Любовь к Клавдии Пугачевой оказалась у Хармса совершенно односторонней. Пугачева была девицей вздорной и пустоватой, помешанной на собственной неотразимости. В то время как Хармс изливал ей в письмах душу, демонстрировал остроумие и мягкий юмор, она посылала ему отписки, а иногда и вовсе не отвечала. Ей — одной из очень немногих знакомых дам — Хармс посылал свои стихи (нам известно, что ей были посланы стихотворения «Подруга» и «Трава», последнее ныне утрачено). О первом она не написала ничего, а конверт со вторым она порвала, не читая — придралась к тому, что Хармс упомянул в предыдущем письме человека, который ей был неприятен.
Пример «чистоты» Хармс видел в строках из своей стихотворной драмы 1930 года «Гвидон»:
Монах:
В калитку входит буква ять.
Принять ее?
Настоятель:
Да-да, принять
«Монах и настоятель — загрязняют», — отметил Хармс чуть ниже цитаты.
Интересно заметить, что цитированные строки (Хармс приводит их по памяти, в дошедшей до нас рукописи монаха зовут Василий) первоначально не входили в окончательный текст «Гвидона» и были включены в него лишь позже. Судя по всему, достигнутая чистота связывается Хармсом с воплощенной самостоятельной ценностью отдельной буквы, превращающейся в действующий персонаж. «Вспомогательные» ремарки, обозначающие действующих лиц, Хармс посчитал «загрязняющими», то есть в данном случае — нарушающими естественное развитие диалога.
Так же Хармс считал необходимым сохранение в стихе «чистоты» прозаического порядка:
«Стихи надо писать так, чтобы каждая отдельная мысль стихотворения, высказанная прозой, была бы так же чиста, как и стихотворная строчка, выражающая ее.
Стихотворные строчки:
„...гибнут реки наших знаний
в нашем черепе великом...“, — выглядят хорошо. Но сказать прозой:
„...я видел, как реки наших знаний постепенно гибнут и в нашем великом черепе...“, — звучит плохо. Надо сказать:
„...я видел, как гибнут наши знания и в нашем большом черепе...“.
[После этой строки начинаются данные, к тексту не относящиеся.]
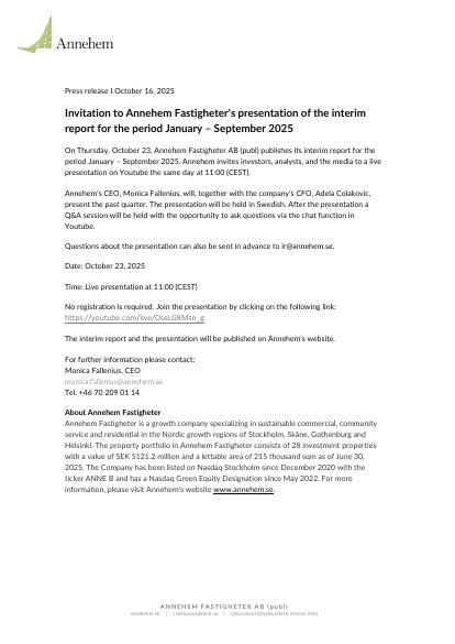 On Thursday, October 23, Annehem Fastigheter AB (publ) publishes its interim report for the period January - September 2025. Annehem invites investors, analysts, and the media to a live presentation on Youtube the same day at 11:00 (CEST).

Конечно, в стихах свой закон, но было бы еще лучше, если бы стихи звучали хорошо, сохраняя в то же время и закон прозы» (запись от 25 сентября 1931 года).
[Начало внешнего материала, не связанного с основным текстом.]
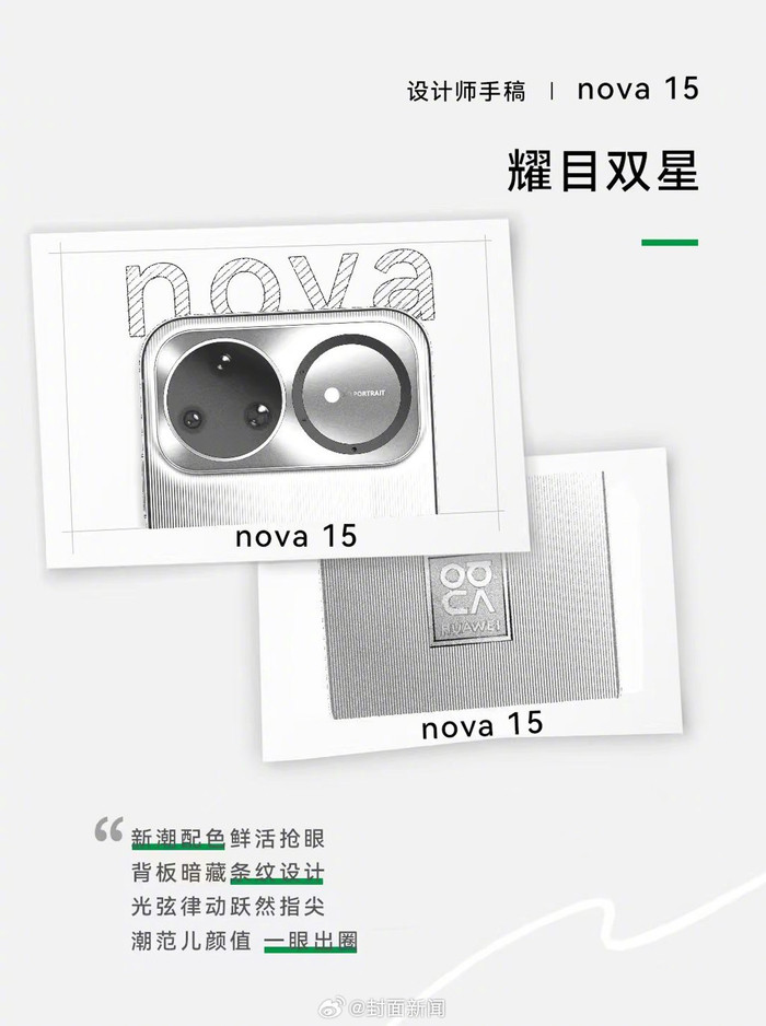 #华为nova15外不雅曝光#华为结尾官方发布nova15系列预订海报,公布全系将于12月15日12:08认真开启预订。新品主打色为高填塞度绿色,同期镜头模组缱绻也松懈了行业通例:独有的横向立体双圆造型,与主流缱绻决议酿成领悟对比,成为该机型最隆起的外不雅标志。集合前代家具特质,商场预计新机可能会进一步优化机身厚度,带来更微弱的持持手感,后续可通过发布会了解更多家具细节。#华为nova15全系开启预订#

Вера Хармса в силу написанного на бумаге текста отразилась также в его дневнике и письмах. Еще в мае 1931 года он записал:
«Сила, заложенная в словах, должна быть освобождена. Есть такие сочетания из слов, при которых становится заметней действие силы. Нехорошо думать, что эта сила заставит двигаться предметы. Я уверен, что сила слов может сделать и это. Но самое ценное действие силы почти неопределимо. Грубое представление этой силы мы получаем из ритмов ритмических стихов. Те сложные пути, как помощь метрических стихов при двигании каким-либо членом тела, тоже не должны считаться вымыслом. Эти грубейшие действия этой силы вряд ли доступны нашему рассудительному пониманию. Если можно думать о методе исследования этих сил, то этот метод должен быть совершенно иным, чем методы, применяемые до сих пор в науке. Тут раньше всего доказательством не может служить факт или опыт. Я ХЫ затрудняюсь сказать, чем придется доказывать и проверять сказанное. Пока известно мне четыре вида словесных машин: стихи, молитвы, песни и заговоры. Эти машины построены не путем вычисления или рассуждения, а иным путем, название которого АЛФАВИТ».